YOUR TASK
Every line below from the one containing "W programie zaplanowano" through the one containing "off the floor." is to be printed exactly, with the pictures omitted.

GIVEN DATA
───
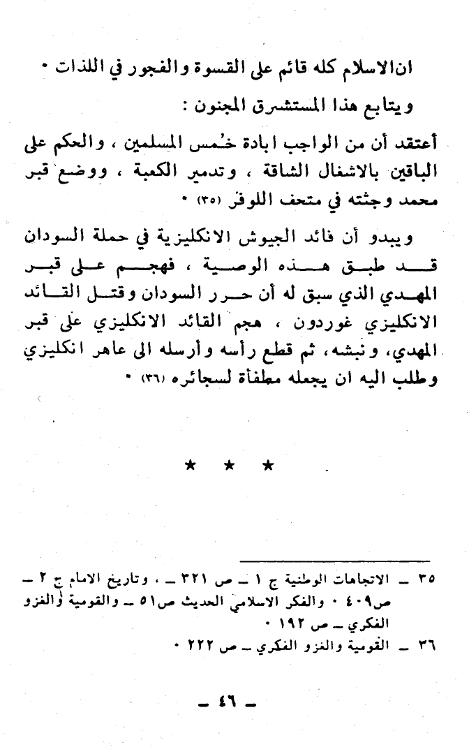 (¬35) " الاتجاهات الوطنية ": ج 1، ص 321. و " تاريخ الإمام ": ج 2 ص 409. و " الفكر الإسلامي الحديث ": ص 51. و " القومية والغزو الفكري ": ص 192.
───
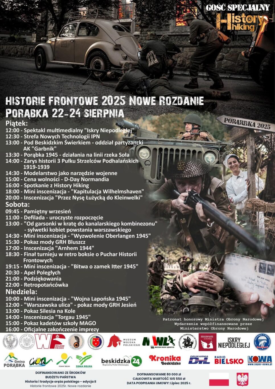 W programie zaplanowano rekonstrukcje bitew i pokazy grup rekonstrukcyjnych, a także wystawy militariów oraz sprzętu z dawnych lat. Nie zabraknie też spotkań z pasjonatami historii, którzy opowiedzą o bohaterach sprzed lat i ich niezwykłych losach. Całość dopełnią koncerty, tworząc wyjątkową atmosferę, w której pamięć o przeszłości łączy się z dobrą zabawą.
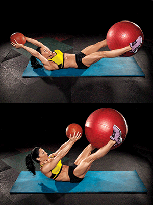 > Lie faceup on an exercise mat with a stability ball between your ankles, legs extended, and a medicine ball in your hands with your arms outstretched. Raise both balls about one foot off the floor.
───
EXERCISE SOLUTION
 W programie zaplanowano rekonstrukcje bitew i pokazy grup rekonstrukcyjnych, a także wystawy militariów oraz sprzętu z dawnych lat. Nie zabraknie też spotkań z pasjonatami historii, którzy opowiedzą o bohaterach sprzed lat i ich niezwykłych losach. Całość dopełnią koncerty, tworząc wyjątkową atmosferę, w której pamięć o przeszłości łączy się z dobrą zabawą.
 > Lie faceup on an exercise mat with a stability ball between your ankles, legs extended, and a medicine ball in your hands with your arms outstretched. Raise both balls about one foot off the floor.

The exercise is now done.